» Exercise prompt: After finding the line containing "Даже с учётом скидки" below, please output that line and each following one through the line containing "එහිදී ‘go home", exactly as written.

» Source records:

┌──

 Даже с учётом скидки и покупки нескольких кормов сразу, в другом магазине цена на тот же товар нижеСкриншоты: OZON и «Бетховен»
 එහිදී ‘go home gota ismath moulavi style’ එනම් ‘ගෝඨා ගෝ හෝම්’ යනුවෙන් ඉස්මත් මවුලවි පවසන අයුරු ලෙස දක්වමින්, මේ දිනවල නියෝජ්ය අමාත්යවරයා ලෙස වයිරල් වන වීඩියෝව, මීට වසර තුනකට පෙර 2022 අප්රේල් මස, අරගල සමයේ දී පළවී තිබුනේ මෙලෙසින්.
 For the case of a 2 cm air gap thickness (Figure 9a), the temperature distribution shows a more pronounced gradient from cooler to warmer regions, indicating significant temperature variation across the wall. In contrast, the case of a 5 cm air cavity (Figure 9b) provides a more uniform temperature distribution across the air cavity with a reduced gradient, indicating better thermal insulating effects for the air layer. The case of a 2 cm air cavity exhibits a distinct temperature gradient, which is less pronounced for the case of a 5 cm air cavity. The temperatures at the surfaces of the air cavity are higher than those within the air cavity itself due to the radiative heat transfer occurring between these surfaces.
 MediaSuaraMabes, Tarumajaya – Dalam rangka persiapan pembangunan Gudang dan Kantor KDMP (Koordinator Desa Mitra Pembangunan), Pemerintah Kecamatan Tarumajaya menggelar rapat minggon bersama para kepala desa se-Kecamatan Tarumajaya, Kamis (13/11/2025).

└──
┌──

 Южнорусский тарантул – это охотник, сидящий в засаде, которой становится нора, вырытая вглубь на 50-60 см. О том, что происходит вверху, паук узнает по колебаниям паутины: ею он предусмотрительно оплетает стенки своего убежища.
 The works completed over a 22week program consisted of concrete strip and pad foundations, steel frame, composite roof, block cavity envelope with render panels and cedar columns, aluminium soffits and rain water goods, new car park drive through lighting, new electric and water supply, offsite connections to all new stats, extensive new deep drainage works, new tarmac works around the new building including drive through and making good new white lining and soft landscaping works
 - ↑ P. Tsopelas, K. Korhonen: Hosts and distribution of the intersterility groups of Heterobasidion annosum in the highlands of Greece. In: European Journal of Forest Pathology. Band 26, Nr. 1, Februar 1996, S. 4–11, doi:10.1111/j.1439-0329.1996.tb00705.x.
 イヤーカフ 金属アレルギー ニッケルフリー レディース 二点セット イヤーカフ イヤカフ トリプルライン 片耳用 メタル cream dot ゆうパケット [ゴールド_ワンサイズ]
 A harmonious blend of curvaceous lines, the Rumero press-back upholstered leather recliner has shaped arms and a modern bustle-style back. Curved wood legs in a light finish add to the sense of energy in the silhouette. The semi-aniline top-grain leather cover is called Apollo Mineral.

└──

» Reply to the exercise:
 Даже с учётом скидки и покупки нескольких кормов сразу, в другом магазине цена на тот же товар нижеСкриншоты: OZON и «Бетховен»
 එහිදී ‘go home gota ismath moulavi style’ එනම් ‘ගෝඨා ගෝ හෝම්’ යනුවෙන් ඉස්මත් මවුලවි පවසන අයුරු ලෙස දක්වමින්, මේ දිනවල නියෝජ්ය අමාත්යවරයා ලෙස වයිරල් වන වීඩියෝව, මීට වසර තුනකට පෙර 2022 අප්රේල් මස, අරගල සමයේ දී පළවී තිබුනේ මෙලෙසින්.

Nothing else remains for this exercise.